Heartbleed — A VAR's Preparedness Kit
By Megan Williams, contributing writer
You’ve undoubtedly seen stock images of injured and bleeding hearts flying across news channels. You may have even changed your Yahoo! and Gmail passwords. Your personal data is safe, but what does the bug mean for your clients?
What It Is
The Heartbleed bug (which hit on April 7, 2014) exploited a big flaw in Open SSL (used by at least two-thirds of Internet sites), leaving not only passwords and information vulnerable, but also allowing future ne’er-do-wells to imitate the way trusted service providers identify themselves — it basically hands the sheep’s clothing over to the wolf. A week later, information on what exactly goes on when the bug is exploited is everywhere. Gizmodo gives a good rundown here, but Randall Monroe over at XKCD breaks it down the simplest way possible.
Governments And Vendors Affected
Comics aside, where’s the danger?
Canada’s Revenue Agency site, Revenue Canada, has already been shut down due to Heartbleed (it hit right in the middle of tax season but service was restored on April 13.) A spokesperson for Canada’s Department of Shared Services states that the bug “is affecting virtually all IT systems around the world.” Australian businesses are feeling the pain too, while U.S. governments are busy testing and preparing for future threats. According to Jonathan Trull, chief information security officer for the Colorado Governor's Office of Information Technology.
“This is probably the most serious potential threat to confidential data I've seen since learning of the Conficker worm back in November of 2008. Public agencies are scrambling to test their sites, and if they determine they are vulnerable, they are working to immediately put in place compensating controls and ultimately fix the problem.”
It’s definitely not just a government issue though, with 10 prominent business software vendors reacting to the crypto bug. Microsoft has rested easy, because Windows IIS, along with most Microsoft Services, came out unscathed. IBM was still analyzing its products as of April 11 to determine vulnerability. Oracle’s April advisory for its patch bundle doesn’t mention Heartbleed, but there have been murmurings in their online community. SAP remains quiet, while VMware has identified 27 products potentially exposed to Heartbleed attacks. Symantec was still investigating its products as of April 9, and HP reports no issues. CA is quiet on the issue, and Citrix has reported problems with XenApp.
Your Next Steps
Thankfully, patches are already available. Unfortunately, a simple installation doesn’t mean complete protection, and mass password resets (for everyone) are necessary. Ignoring the problem is not an option. If any of your systems are running unpatched OpenSSL 1.01 or 1.02beta, it will be a walk in the hacker park for anyone to exploit the bug — so even if your customers object, insist that they change all vulnerable passwords. The threat that they may have already been compromised is real.

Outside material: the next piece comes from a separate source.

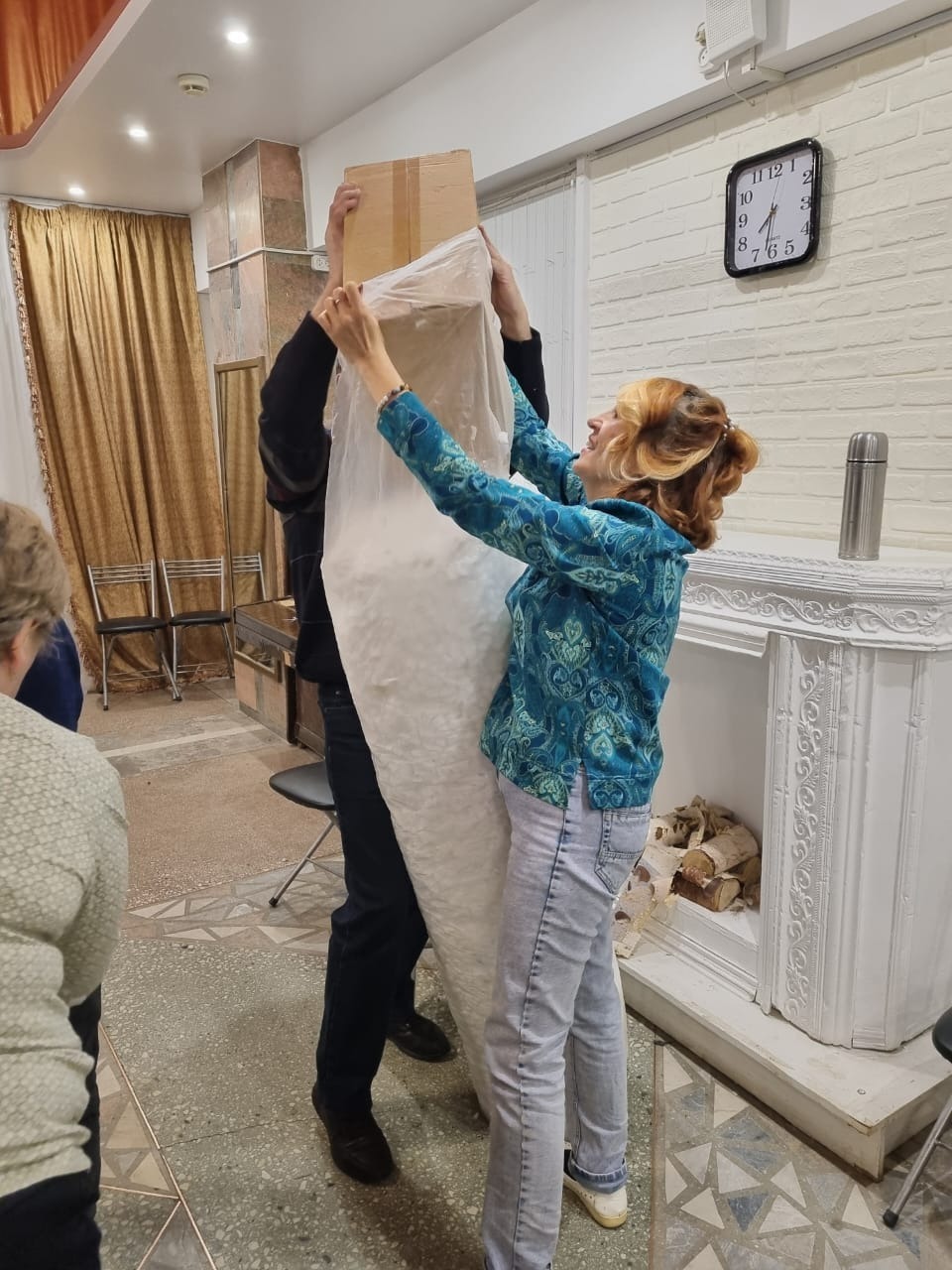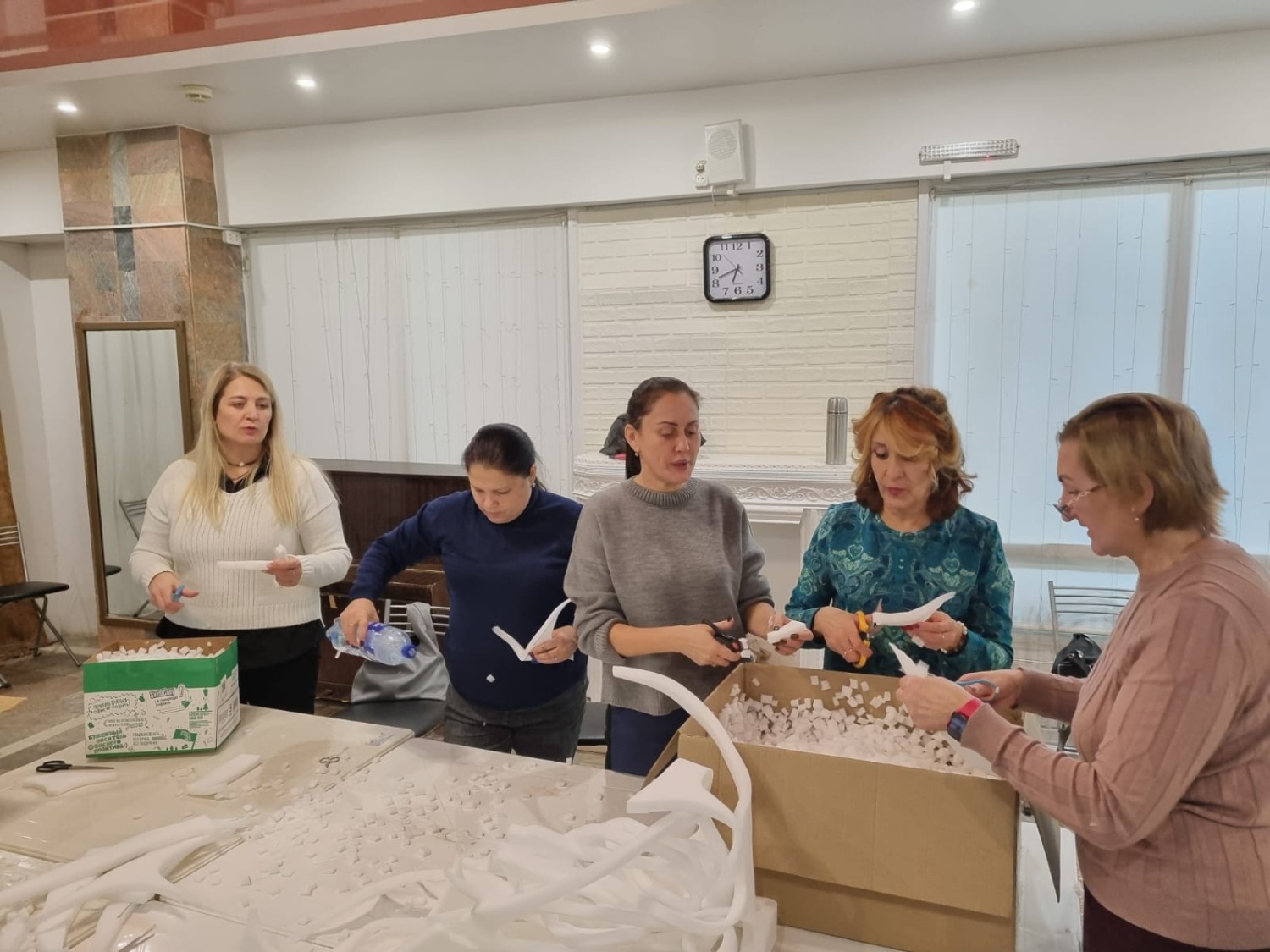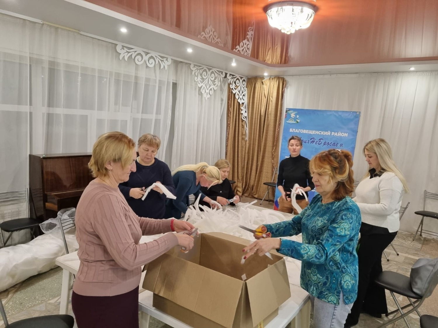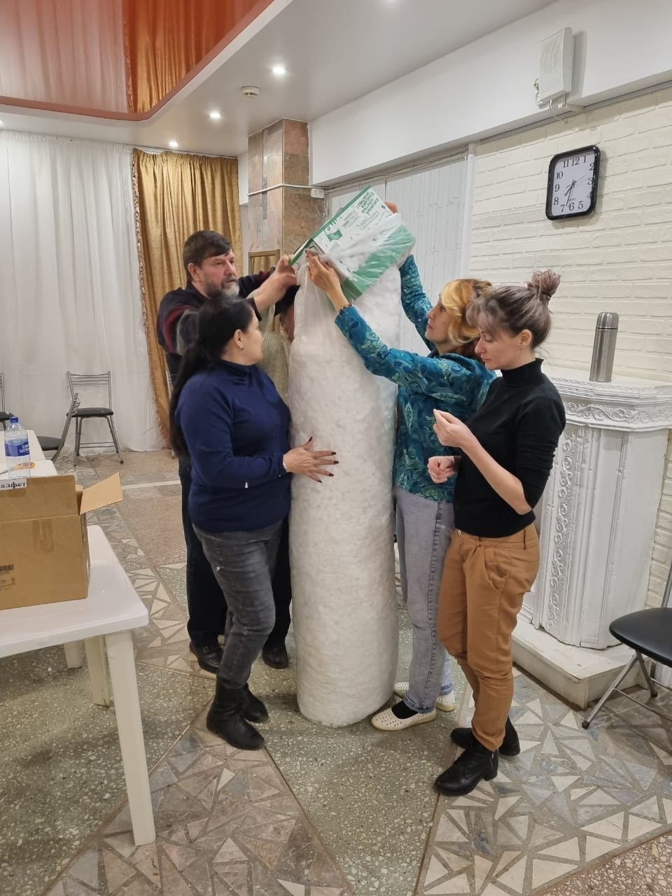 Вечернюю смену уверенно взяли участники студии «Хочу петь». Они внесли в процесс свою особенную энергетику: работа по нарезке поролона шла под аккомпанемент разученных песен. Получился самый душевный конвейер, где приятное гармонично сочеталось с полезным.

It might also be useful to pass around this test website, which not only provides a simple way of checking vulnerability, but also connects users with a host of resources around the security flaw. On the bright side, some Linux operating system companies are already delivering Open SSL patches to their clients. Fixed Linux operating systems include: CentOS, Debian, Fedora, Red Hat, openSUSE, and Ubuntu (SLES was not affected.)
Dodi Glenn, senior director of Security Intelligence and Research Labs at ThreatTrack Security, offers more detailed advices to VARs on older versions and additional upgrade resources. “Administrators can upgrade their version of OpenSSL by visiting https://www.openssl.org/source. If the server is running an older version of OpenSSL such as 0.9.8, they do not need to upgrade, as this bug was not found in this version. Additional information regarding the vulnerability (CVE-2014-0160) can be found here: https://www.openssl.org/news/secadv_20140407.txt.”
Don’t rest too easy though — Heartbleed is going to be with us for a while. According to Jeff Forristal, the CTO of Bluebox Security, “OpenSSL is extremely pervasive on all manners of devices, systems, and servers; it is going to take the ecosystem significant time to get everything updated, and we will be looking at a long tail situation that could easily extend into years.”
The punchline to all this for VARs and solution’s providers is that the media has created, at minimum, a talking point around security and, potentially, opportunities for your consultative services. Smart VARs will be reaching out to their customers (and competitor’s customers) with messages that indicate you are the trusted advisor to help them understand and mitigate any security flaws they might have.